Monday, June 3, 2013

Enter the Marbles


“-Your style is unorthodox.
-But effective.
-It is not the art but the combat you enjoy.
-The winning.
-We are all ready to win.
  Just as we are born knowing only life, it is defeat that you must learn to prepare for.
-I don’t waste my time with it. When it comes, I won’t even notice.
-Oh, how so?
-I’ll be too busy looking good”

Such a long time without bloggin’ anything related to our project. At least we have chosen a fancy name for it: MARBLES, which stands for Marvelous ADC and RaspberryPi Biorreactor’s Lightweight Electronic System

MARBLES is mainly composed of two components interacting with each other: A Software layer and a Hardware layer by means of both digital and analog signals.
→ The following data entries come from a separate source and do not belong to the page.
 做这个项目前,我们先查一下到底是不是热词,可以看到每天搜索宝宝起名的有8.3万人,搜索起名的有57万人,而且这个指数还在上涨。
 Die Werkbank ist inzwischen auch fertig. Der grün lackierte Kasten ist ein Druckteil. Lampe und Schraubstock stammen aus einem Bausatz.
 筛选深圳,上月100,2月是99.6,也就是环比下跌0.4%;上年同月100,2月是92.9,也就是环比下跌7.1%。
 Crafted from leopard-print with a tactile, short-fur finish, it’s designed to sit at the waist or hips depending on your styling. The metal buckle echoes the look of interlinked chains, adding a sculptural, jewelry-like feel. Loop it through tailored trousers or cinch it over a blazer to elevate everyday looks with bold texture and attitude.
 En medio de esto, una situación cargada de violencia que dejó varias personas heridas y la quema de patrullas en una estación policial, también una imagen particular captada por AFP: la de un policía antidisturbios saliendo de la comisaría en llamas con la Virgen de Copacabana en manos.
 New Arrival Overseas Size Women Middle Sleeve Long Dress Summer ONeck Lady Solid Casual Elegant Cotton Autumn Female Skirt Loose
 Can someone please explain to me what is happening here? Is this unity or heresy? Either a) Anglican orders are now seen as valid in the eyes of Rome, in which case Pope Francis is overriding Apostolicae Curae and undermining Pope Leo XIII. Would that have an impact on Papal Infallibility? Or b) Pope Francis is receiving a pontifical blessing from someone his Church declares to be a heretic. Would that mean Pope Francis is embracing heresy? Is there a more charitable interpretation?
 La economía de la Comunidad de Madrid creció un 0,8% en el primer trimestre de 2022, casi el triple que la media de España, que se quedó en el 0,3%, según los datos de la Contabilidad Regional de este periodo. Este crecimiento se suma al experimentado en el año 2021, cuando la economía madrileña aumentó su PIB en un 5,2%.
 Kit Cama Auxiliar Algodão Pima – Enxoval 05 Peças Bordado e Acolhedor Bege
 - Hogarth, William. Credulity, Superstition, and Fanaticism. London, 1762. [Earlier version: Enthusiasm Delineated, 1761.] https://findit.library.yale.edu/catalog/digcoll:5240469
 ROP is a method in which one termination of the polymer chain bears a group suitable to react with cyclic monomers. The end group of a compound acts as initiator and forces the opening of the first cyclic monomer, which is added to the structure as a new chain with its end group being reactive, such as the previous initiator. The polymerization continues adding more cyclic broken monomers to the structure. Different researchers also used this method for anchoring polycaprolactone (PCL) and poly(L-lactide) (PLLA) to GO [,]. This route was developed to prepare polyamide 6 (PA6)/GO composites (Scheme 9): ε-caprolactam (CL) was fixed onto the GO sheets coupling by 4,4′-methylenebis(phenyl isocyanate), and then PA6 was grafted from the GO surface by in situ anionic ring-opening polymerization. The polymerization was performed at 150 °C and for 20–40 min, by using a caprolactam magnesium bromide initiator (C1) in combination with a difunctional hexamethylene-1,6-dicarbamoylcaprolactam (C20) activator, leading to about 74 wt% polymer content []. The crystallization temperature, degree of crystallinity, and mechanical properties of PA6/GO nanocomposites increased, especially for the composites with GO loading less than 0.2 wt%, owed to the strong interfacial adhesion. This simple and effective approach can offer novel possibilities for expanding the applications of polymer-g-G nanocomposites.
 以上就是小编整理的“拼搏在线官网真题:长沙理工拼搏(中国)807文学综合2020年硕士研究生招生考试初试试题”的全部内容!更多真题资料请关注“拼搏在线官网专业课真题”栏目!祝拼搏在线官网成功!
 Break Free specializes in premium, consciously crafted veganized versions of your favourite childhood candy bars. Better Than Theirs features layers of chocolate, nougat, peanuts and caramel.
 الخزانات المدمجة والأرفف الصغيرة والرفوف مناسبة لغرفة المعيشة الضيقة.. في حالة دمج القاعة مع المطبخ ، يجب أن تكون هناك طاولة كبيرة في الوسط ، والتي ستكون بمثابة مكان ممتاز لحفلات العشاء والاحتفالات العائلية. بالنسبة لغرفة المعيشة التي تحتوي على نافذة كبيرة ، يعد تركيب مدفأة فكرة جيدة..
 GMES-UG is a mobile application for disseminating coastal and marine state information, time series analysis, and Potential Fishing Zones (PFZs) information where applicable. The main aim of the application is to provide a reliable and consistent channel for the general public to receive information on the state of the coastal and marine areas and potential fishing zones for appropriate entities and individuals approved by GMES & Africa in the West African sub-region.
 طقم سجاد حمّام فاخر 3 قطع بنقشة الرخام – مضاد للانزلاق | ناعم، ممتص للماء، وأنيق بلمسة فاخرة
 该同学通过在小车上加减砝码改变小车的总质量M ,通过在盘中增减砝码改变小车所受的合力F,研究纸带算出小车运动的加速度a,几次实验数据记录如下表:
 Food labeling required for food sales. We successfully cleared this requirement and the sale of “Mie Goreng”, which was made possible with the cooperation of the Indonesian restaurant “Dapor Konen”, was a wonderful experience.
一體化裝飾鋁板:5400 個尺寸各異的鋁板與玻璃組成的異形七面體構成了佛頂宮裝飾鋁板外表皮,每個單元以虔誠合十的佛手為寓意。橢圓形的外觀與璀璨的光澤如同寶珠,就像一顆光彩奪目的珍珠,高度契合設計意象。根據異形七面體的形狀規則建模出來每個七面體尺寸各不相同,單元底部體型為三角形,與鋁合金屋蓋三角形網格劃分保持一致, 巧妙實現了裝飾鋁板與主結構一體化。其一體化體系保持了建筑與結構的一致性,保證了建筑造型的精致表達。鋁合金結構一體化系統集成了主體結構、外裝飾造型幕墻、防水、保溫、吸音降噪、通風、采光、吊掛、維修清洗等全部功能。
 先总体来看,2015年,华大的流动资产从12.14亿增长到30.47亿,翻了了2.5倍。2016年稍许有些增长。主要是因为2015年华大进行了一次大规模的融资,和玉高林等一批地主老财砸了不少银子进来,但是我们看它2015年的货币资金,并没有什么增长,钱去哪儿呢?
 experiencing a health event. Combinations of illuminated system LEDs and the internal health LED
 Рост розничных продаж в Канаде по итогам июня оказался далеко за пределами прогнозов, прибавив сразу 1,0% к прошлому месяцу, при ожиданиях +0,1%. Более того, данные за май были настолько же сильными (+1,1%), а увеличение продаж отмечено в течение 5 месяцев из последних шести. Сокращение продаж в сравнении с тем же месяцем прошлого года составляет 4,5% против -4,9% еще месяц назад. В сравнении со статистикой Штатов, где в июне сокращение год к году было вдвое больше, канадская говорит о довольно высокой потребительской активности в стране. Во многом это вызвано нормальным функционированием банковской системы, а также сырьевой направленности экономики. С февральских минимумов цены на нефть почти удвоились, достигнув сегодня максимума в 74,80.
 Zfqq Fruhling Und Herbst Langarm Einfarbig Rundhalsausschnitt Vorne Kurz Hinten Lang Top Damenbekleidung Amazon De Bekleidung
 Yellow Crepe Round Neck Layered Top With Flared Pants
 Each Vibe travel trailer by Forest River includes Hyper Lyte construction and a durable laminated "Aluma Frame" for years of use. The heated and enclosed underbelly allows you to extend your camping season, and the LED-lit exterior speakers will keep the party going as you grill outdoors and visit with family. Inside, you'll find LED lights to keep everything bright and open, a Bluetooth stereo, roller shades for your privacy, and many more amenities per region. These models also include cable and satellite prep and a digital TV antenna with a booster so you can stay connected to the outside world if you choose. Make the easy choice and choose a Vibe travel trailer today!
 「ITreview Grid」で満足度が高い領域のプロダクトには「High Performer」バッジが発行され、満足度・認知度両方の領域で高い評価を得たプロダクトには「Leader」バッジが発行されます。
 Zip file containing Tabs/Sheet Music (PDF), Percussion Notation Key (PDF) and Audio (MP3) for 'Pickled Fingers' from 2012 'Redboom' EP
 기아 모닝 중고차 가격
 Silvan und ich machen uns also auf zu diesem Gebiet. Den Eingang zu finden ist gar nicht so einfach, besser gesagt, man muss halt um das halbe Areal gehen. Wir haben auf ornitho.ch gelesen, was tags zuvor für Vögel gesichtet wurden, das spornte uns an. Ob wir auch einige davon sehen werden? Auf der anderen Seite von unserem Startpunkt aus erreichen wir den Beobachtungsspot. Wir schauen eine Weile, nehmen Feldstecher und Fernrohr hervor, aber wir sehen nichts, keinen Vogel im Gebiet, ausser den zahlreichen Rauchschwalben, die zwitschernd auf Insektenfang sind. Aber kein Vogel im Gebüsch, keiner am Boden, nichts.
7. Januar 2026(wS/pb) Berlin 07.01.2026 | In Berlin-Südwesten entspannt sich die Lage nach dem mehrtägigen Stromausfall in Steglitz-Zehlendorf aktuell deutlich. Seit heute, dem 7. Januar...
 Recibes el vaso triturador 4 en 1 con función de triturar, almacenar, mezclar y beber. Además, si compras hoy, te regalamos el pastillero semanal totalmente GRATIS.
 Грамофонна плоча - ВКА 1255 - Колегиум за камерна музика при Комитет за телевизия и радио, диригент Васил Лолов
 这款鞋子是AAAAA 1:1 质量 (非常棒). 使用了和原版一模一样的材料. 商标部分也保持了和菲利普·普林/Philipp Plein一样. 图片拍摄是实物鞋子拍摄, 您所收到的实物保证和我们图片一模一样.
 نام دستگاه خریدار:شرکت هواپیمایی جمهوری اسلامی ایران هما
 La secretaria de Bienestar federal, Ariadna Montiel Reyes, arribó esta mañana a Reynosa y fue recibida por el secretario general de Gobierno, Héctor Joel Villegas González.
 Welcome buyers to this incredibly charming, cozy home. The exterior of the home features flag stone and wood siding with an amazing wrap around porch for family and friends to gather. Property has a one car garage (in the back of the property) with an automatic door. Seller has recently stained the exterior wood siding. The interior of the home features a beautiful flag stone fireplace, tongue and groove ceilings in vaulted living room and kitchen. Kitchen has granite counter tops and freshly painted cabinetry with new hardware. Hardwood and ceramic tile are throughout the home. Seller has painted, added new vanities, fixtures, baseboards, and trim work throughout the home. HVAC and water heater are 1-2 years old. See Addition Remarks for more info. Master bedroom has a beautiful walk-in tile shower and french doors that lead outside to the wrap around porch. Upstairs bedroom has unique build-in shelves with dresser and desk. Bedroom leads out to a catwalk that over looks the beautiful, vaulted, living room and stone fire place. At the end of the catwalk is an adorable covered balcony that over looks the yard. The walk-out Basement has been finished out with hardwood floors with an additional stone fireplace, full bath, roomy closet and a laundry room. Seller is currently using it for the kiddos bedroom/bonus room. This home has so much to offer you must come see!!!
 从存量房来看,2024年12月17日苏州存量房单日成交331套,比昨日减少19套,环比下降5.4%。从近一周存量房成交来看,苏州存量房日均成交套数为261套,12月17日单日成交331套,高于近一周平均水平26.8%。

The hardware layer is composed of an Arduino, a ChipKit or any ADC system that reads analog input and sends it via USB, and the software layer is a client-server web-based system that sends, receives, process and displays the information from the hardware layer.
Each of these layers will be explained in the next posts.

Thursday, April 25, 2013

Episode I - A new hope: no more boring physicists


At the beginning: we were boring physicists

Hi Reader, this blog is meant to be the logbook of a science project.
A Physicist must have a lot of capabilities such as theoretical, experimental and computational; and sometimes this is forgotten (Even sometimes this is encouraged, by arguing that “you can only specialize on one thing”. F**k that s**t!). This time, two senior Physics students (at  University of Antioquia) engaged a research on a polemic field of application: Biological Sciences. You might ask, why polemic?, well, our institute has a long tradition on other fields of research such as quantum mechanics, optics and solid state physics, not related, not even a little, to Biology. That means that is pretty rare that some individuals follow a path different than the mentioned.

This time, we (Gerado and Me, Daniel) will make an experimental approach to the building of a Bioreactor system for the culture of microalgae. Our main goal is design a method to measure the microalgae concentration inside the bioreactor without opening it, which avoids the risk of contamine the microalgae culture. We detected this as an unsolved problem (at least locally) and that was highly motivating for us, so bad that we made a blog about it. We expect to make blog post and videos of our progress (but don’t expect hard details about it).

The interesting part is, that we will be using a Arduino Uno32 chipkit to automate stuff, (measurements basically) and a RaspberryPi to monitor and control all the processes, of course this involves circuit designing and building, also lots of programming, so we will be releasing code and maybe designs (licensed under GPL for hardware and GPL V3 for source code) in order to contribute to the community of free software and hardware.